Boceprevir and telaprevir are HCV PIs prescribed in combination with pegylated interferon and ribavirin for the treatment of HCV. Both boceprevir and telaprevir have demonstrated strong inhibition of CYP3A4/5 metabolic pathways and thus have the potential to increase plasma dolutegravir exposure through inhibition of its minor metabolic pathway. An open-label, two-cohort study in healthy adult subjects was conducted to assess the pharmacokinetics of dolutegravir in the presence of boceprevir and telaprevir [55]. Twenty-eight subjects received dolutegravir 50 mg once daily for 5 days and were then randomized to receive dolutegravir in combination with either boceprevir 800 mg three times daily or telaprevir 750 mg three times daily for 10 days. Co-administration of boceprevir and dolutegravir increased dolutegravir C_trough by 8% but had no effect on AUC or C_max. Co-administration of telaprevir and dolutegravir resulted in increased dolutegravir plasma exposures relative to dolutegravir alone as evidenced by 25%, 19%, and 37% increases in AUC, C_max, and C_trough, respectively.

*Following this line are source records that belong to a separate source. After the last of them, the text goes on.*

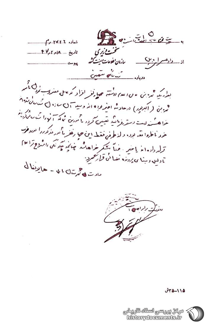 (اکبرپور) در حادثه اخیر بودهاند [به] وسیله آن سازمان شناسائی شدهاند. خواهشمند است دستور فرمائید تعیین گردد مأمورین شما که آنها را شناسائی کردهاند خود ناظر واقعه بوده و از طرفی فقط این چهار نفر مأمور مذکور را مورد ضرب قرار دادهاند یا خیر. ضمناً تشکر خواهد شد چنانچه چگونگی را مشروحتر اعلام تا دلیل و مبنای پرونده قضائی قرار گیرد.1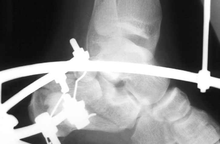 Учитывая сроки после травмы, я бы 1 этапом наложил дистакционный аппарат(будут трудности при одновременном восстановлении длины пятки, кроме того не надо забывать о возможных краевых некрозах). Удачи.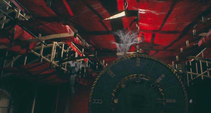 1、先接电话,得知这里有隐藏的门(就在电话旁边)门上有太极机关,需要找到三个配件才行。首先,在大厅钢琴旁边可以找到二楼钥匙,在舞台旁边的柜子里面可以找到第一个配件。使用钥匙上楼,尽头有个门,可以通过猫眼观看房间内的脸谱,通过数各种颜色的脸谱数量来解谜。谜底就是6253。不过即使设密码输对了,门还是不会开,需要再次观察猫眼。突然,一张恶鬼的脸出现在眼前,往回跑。

Hence, it was concluded that dolutegravir could be co-administered without dose-adjustment in HIV/HCV co-infected patients receiving HCV treatment with boceprevir and telaprevir [55].

4.9 Opioid agonists

Methadone is a racemic opioid receptor commonly used for the management of chronic pain or opioid addiction. Methadone is extensively metabolized by the CYP pathway and interacts with a number of different therapeutic agents. An open-labeled, crossover study evaluated the effects of dolutegravir when co-administered with methadone in 12 opioid dependent subjects receiving individualized doses of daily methadone [54]. Plasma exposure of both R- and S-Methadone was not significantly altered by dolutegravir with GLSM ratios for AUC, C_max, and C_trough ranging from 0.95 to 1.03. Because study subjects were on stable methadone therapy prior to enrollment, this study was unable to assess the effects of methadone on dolutegravir’s pharmacokinetic parameters. Previous in vitro study has found that methadone only modestly induces UGT1A1 in hepatic microsomes at concentrations that are higher (10–50 μM) than the mean peak concentrations of methadone treatment demonstrated by Song et. al. (1.36 μM) [54,56]. Considering that UGT1A1 is dolutegravir’s primary metabolic pathway, a methadone-mediated drug interaction would be unexpected.

5. Conclusions

Dolutegravir is a second-generation INSTI that preferentially blocks the strand transfer step during the viral integration process. Dolutegravir’s favorable and predicable pharmacokinetic profile offers several clinical advantages over currently marketed INSTIs. The lack of an effect on drug transporters and CYP enzymes is of value for an HIV infected population requiring poly-pharmacy. Additionally, the drug exposure achieved by once daily dolutegravir dosing negates the need for a concomitant pharmacokinetic enhancing agent (such as ritonavir or cobicistat), which also minimizes drug interaction potential. Dolutegravir also has a favorable safety profile with nausea, headache, and diarrhea being seen in <20% of patients. Dolutegravir has potent antiretroviral activity in both ARV-naïve and experienced patients, including those with first generation INSTI resistance mutations. With its potent activity, tolerability, ease of dosing, and minimal drug interaction profile, dolutegravir is poised to become one of the key components in the treatment of HIV infection.